About this exercise: Repeat every line from the line containing "Shri Bikram Keshari" to the end of the data, exactly. Leave the pictures out.

Material provided:
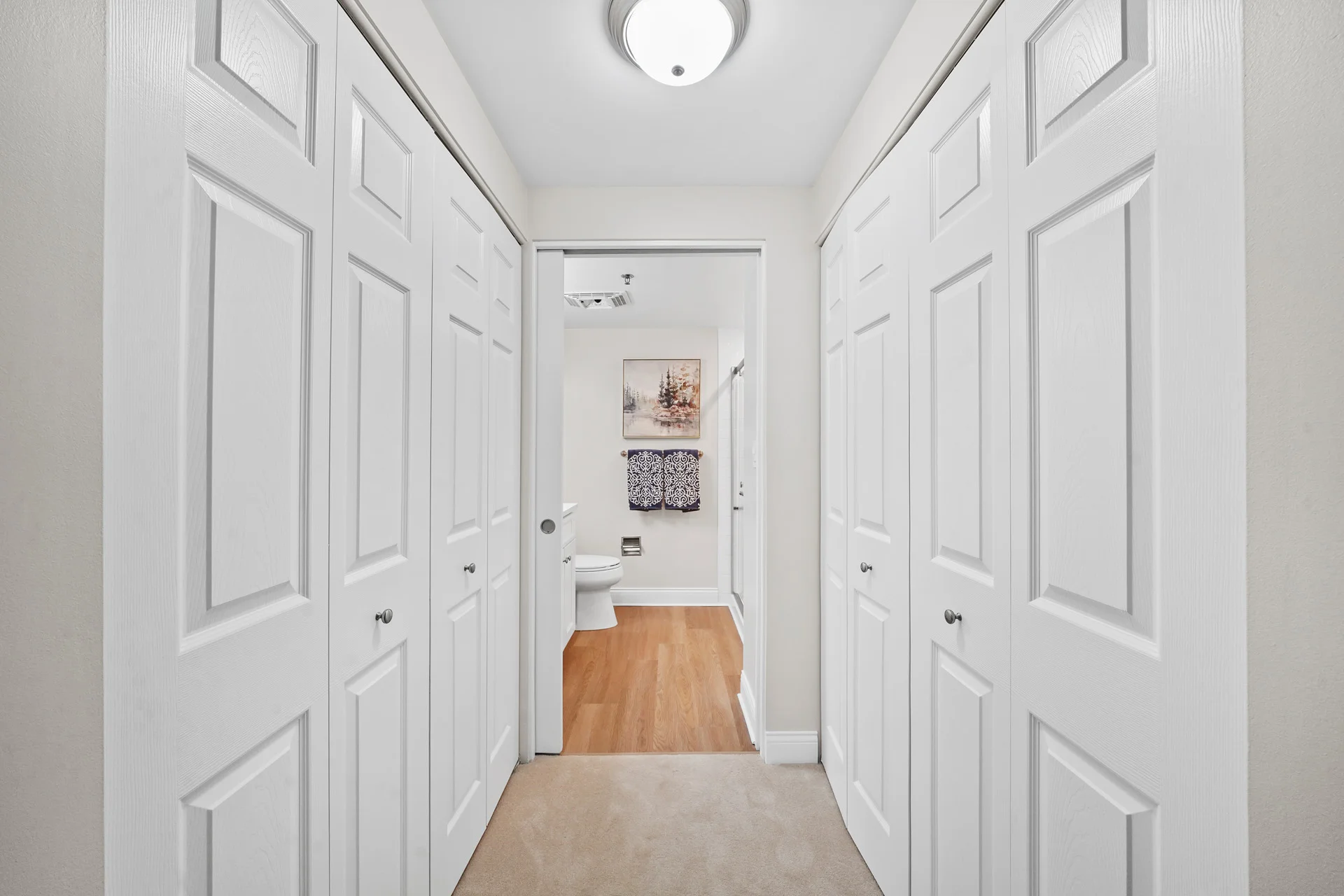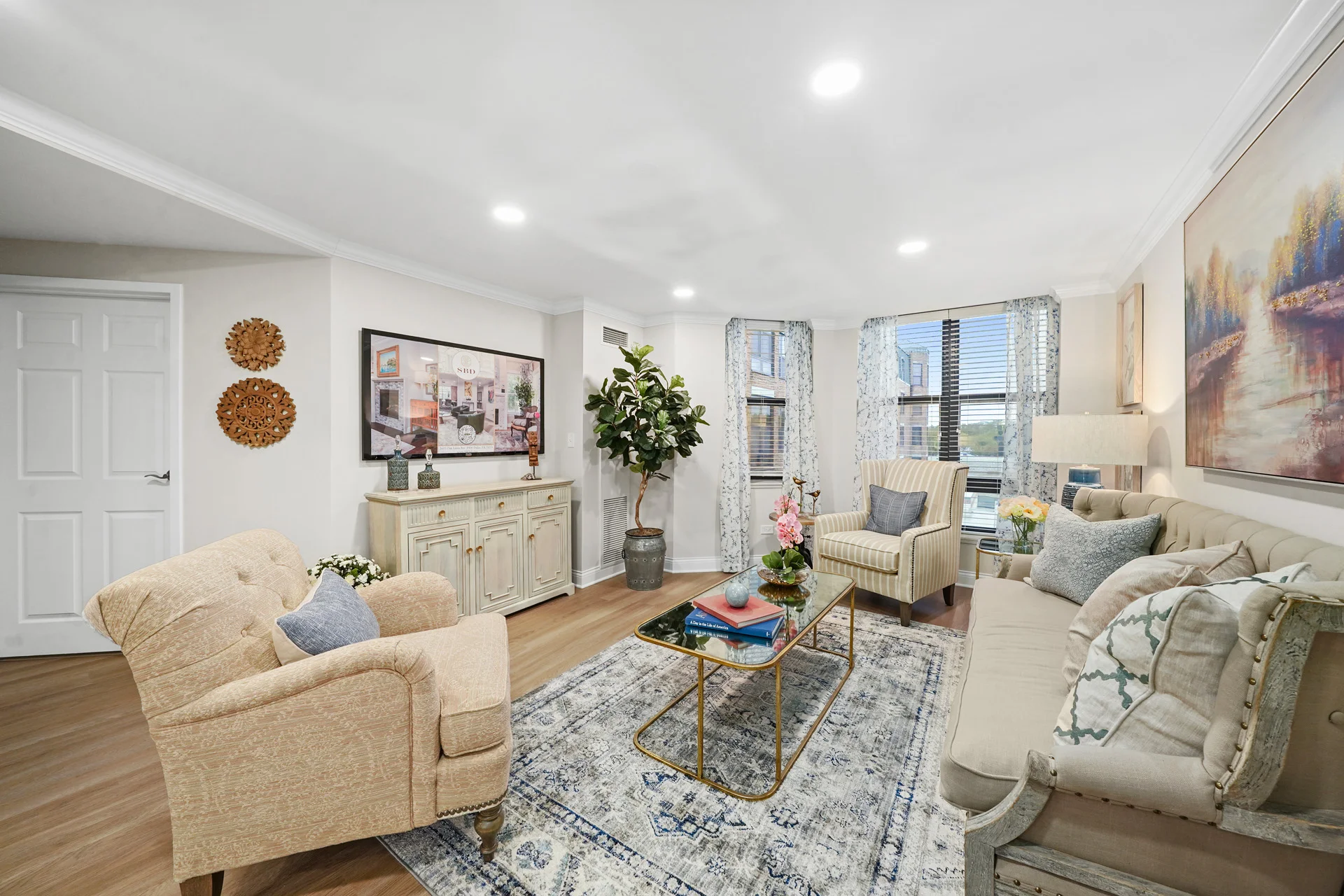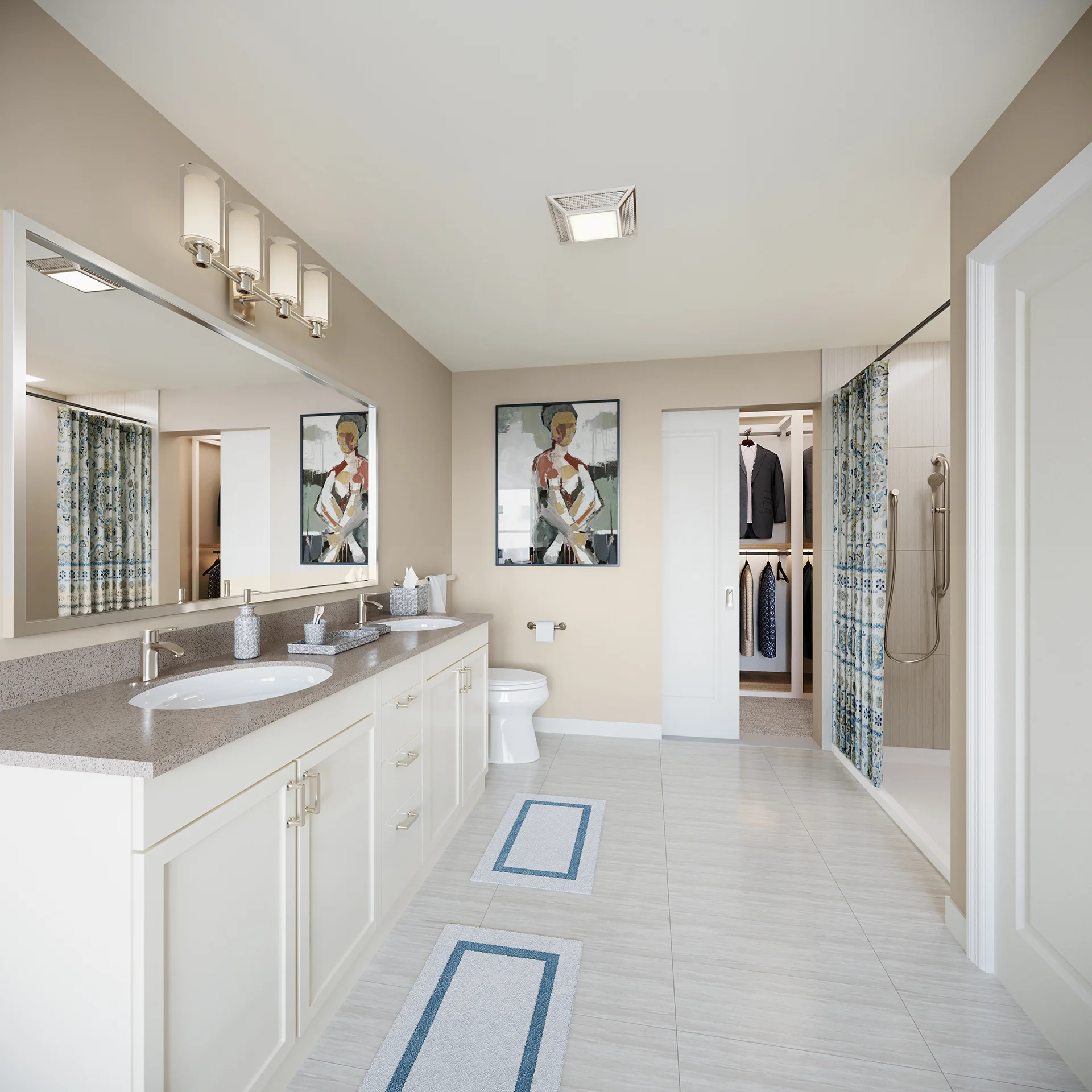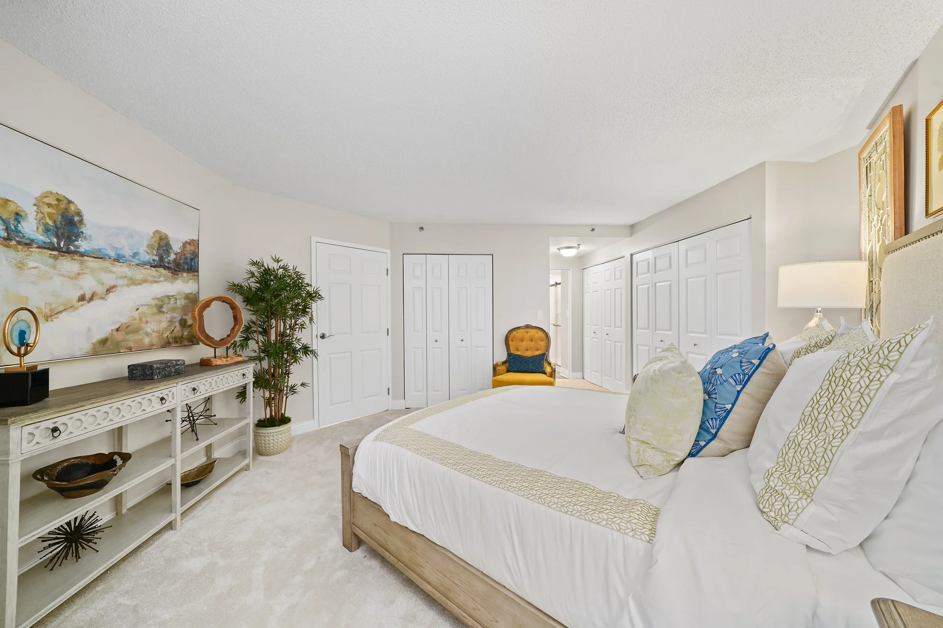 This two-bedroom residence features a generous open living area and bay window. The primary bedroom includes an en-suite bath with laundry and pass-through closets. A second bathroom accesses the hall bath.
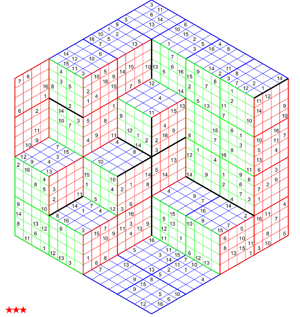 Mes visiteurs connaissent le Sudoku trois Dimensions (Règles du Sudoku 3 Dimensions). Récemment j'ai ajouté une version de ce jeu basé sur le Super Sudoku (Sudoku 16X16), poétiquement je nomme ce jeu: Super Sudoku Trois Dimensions. Ce jeu peut avoir 232 847 configurations différentes tandis que le Sudoku trois Dimension a seulement 979 configurations. Juste pour faire le tour des différentes configurations de ce jeu, il faut pas mal de temps !. Cela donne des jeux plus variés et aussi par le fait même plus exigeant à résoudre.
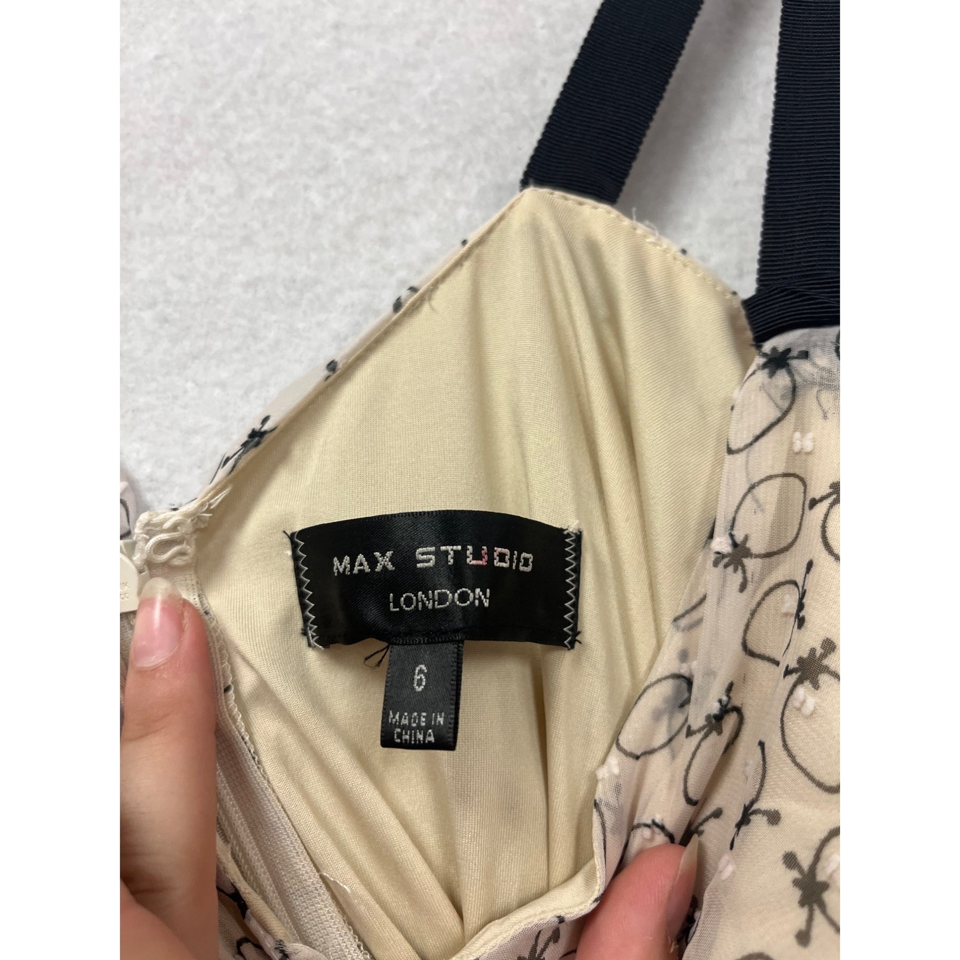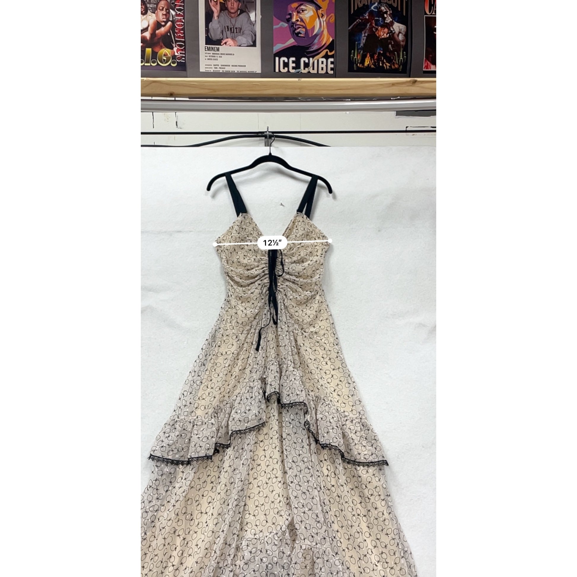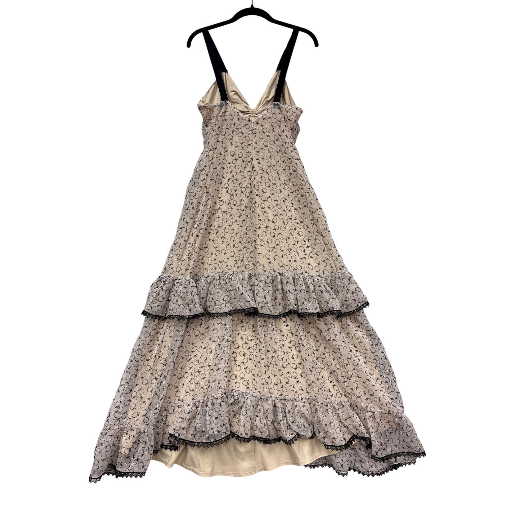 Max Studio Womens 6 Beige & Black Tiered Ruffle Maxi Dress With Adjustable Straps #107A
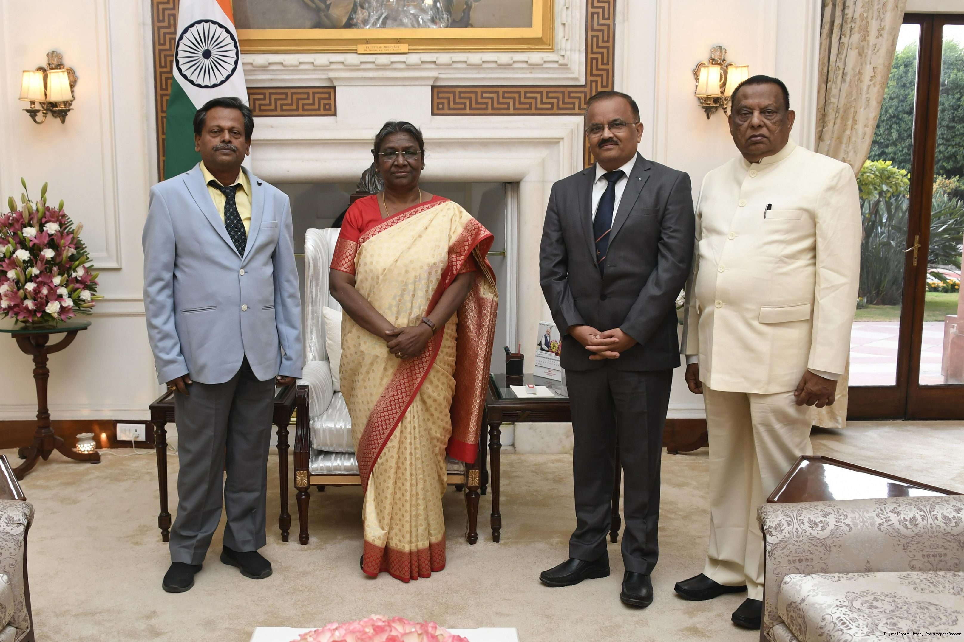 Shri Bikram Keshari Mishra, General Manager, Bank of India, Odisha alsong with others meeting with the President of India, Smt. Droupadi Murmu, at Rashtrapati Bhavan on February 28, 2023.
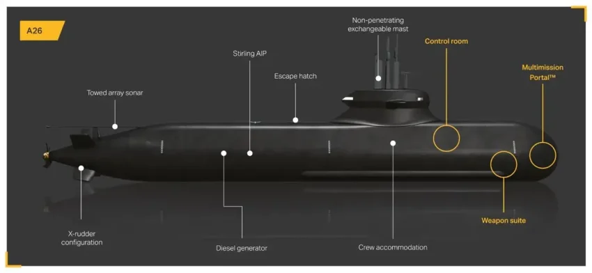 Подлодка A26 имеет однокорпусную конструкцию. Используется прочный корпус характерной формы, оптимизированной для улучшения основных характеристик. Также разработано оригинальное ограждение выдвижных устройств, улучшающее гидродинамику. Общая длина такой подлодки достигнет 66 м при ширине до 6,75 м. Полное водоизмещение — 2100 т.
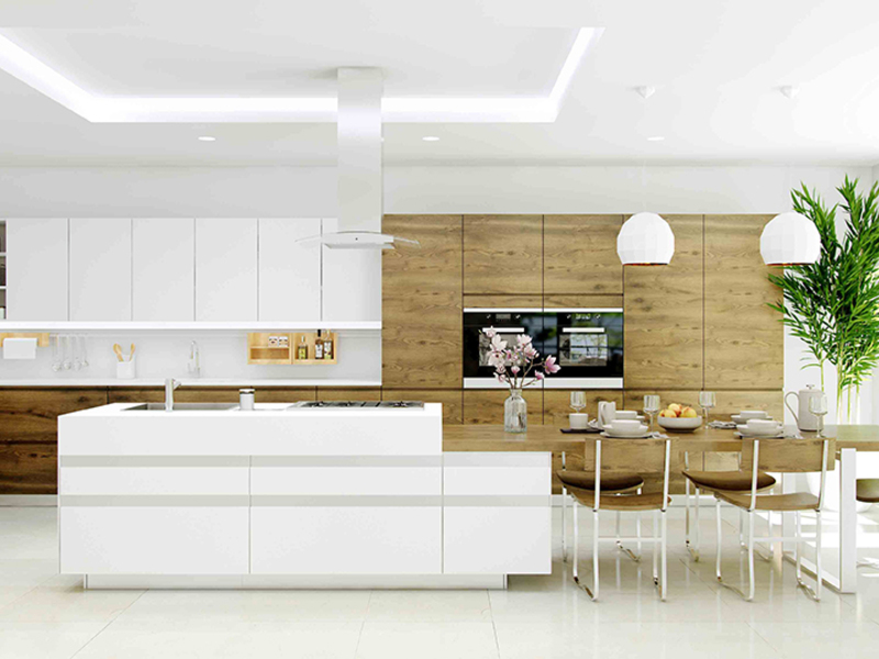 • The large kitchen incorporates a central kitchen island, breakfast area perfect for a family up to 6, details include top of the line custom made cabinets, quartz countertops, fine porcelanato floors and ample custom made independent pantry.

Answer section:
 Shri Bikram Keshari Mishra, General Manager, Bank of India, Odisha alsong with others meeting with the President of India, Smt. Droupadi Murmu, at Rashtrapati Bhavan on February 28, 2023.
 Подлодка A26 имеет однокорпусную конструкцию. Используется прочный корпус характерной формы, оптимизированной для улучшения основных характеристик. Также разработано оригинальное ограждение выдвижных устройств, улучшающее гидродинамику. Общая длина такой подлодки достигнет 66 м при ширине до 6,75 м. Полное водоизмещение — 2100 т.
 • The large kitchen incorporates a central kitchen island, breakfast area perfect for a family up to 6, details include top of the line custom made cabinets, quartz countertops, fine porcelanato floors and ample custom made independent pantry.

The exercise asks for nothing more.